Why uncertainty makes the stock market go haywire

Investors are facing a tumultuous time in the stock market as uncertainty looms large. The back-and-forth policies from the White House, particularly regarding tariffs, have left investors feeling uneasy. Alongside concerns about federal job cuts and efforts to end the conflict in Ukraine, the overall market sentiment has been disoriented, according to Paul Christopher, head of global investment strategy at the Wells Fargo Investment Institute.
Stocks have been on a rollercoaster ride, with the S&P 500 recently entering a correction phase after a 10% drop from its peak in February. While the index has slightly rebounded, it remains on the brink of correction. Overall, the benchmark is down about 5% in 2025.
Uncertainty in the market triggers volatility as investors grapple with the unknown impact of policies and events on companies’ profitability. Tariffs, for instance, can increase costs for businesses, affecting their bottom line. Additionally, the unpredictability of how other nations might respond to tariffs adds another layer of complexity. While economists believe that trade policies and job cuts won’t push the U.S. into a recession, the possibility remains open.

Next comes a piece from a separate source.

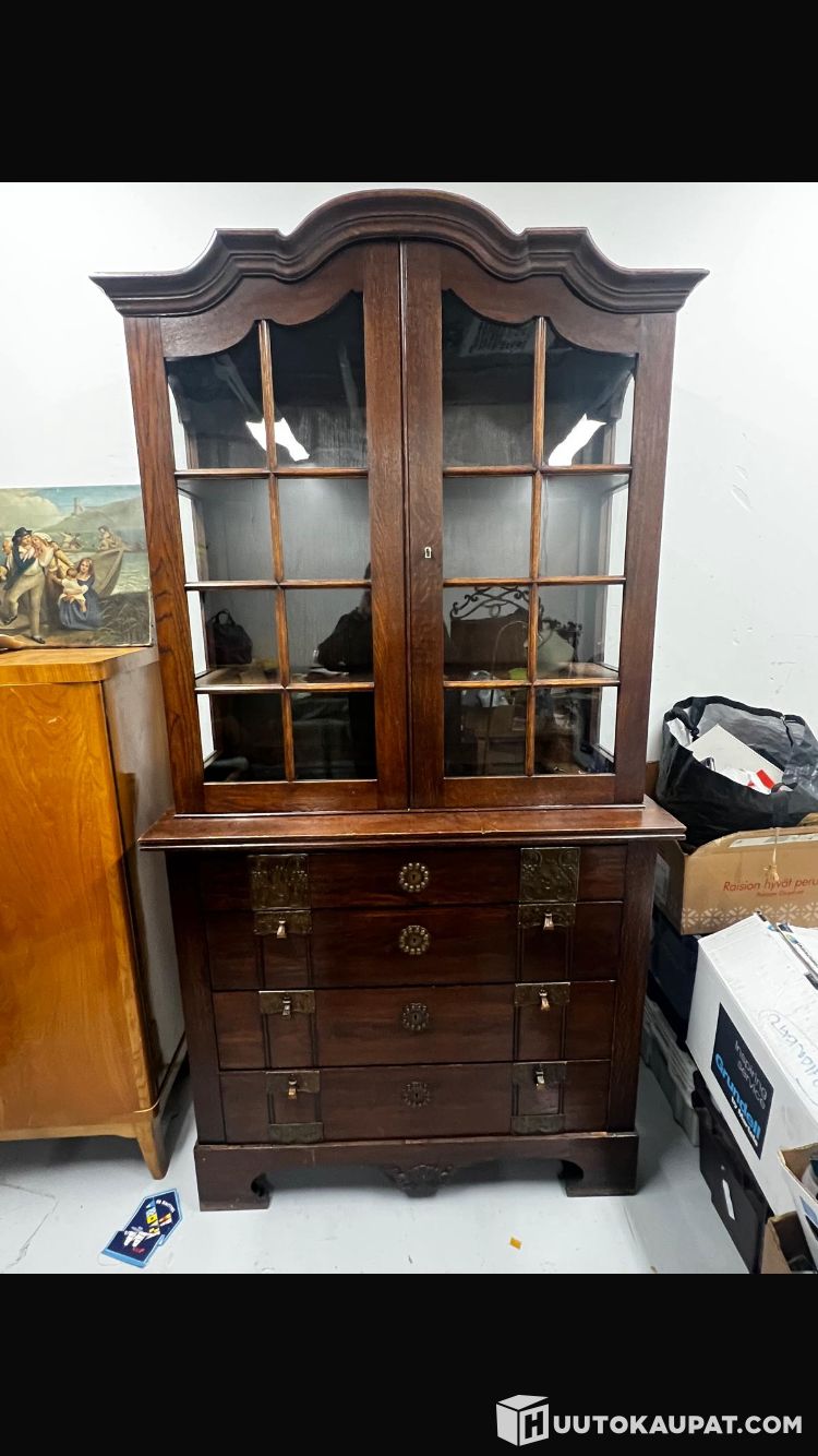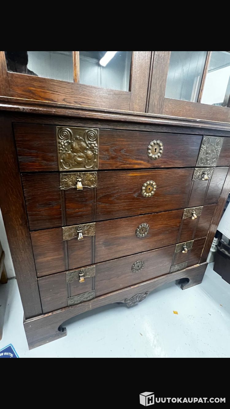 Furniture from a representative home for sale. Very good condition display cabinet. Estimated from the late 19th century. Dark wood with fine metal ornamentation. Key included for the upper display section. Bottom section has drawers. Height 220 cm. Width and depth 116×50 cm. Beautiful and usable!

Barry Glassman, a certified financial planner, emphasizes that consumer confidence plays a crucial role in driving corporate profits. Investors tend to allocate their funds where they have more faith in the investments, highlighting the significance of market confidence.
The recent market uncertainty has raised numerous unanswered questions for investors. President Trump’s decision to delay tariffs on imports from Canada and Mexico led to a sharp sell-off in the S&P 500, despite the temporary relief. The uncertainties surrounding the tariff policies and potential responses from other countries continue to keep investors on edge.
Behavioral finance expert Brad Klontz believes that market turmoil is deeply rooted in human psychology and emotion. Fear and uncertainty can drive investors to make irrational decisions, leading to panic selling and losses. Klontz stresses the importance of maintaining perspective during market fluctuations and avoiding catastrophic thinking.
In times of uncertainty, investors should focus on what they can control. Reviewing asset allocation and ensuring a balanced portfolio can help mitigate risks during volatile market conditions. Diversification across different asset classes, including international stocks and bonds, can provide stability and protect against market fluctuations.
Ultimately, investor behavior poses the greatest threat to stock returns, rather than external factors like government policies. Staying informed, maintaining a long-term investment strategy, and avoiding impulsive decisions are key to weathering market uncertainties and achieving financial goals.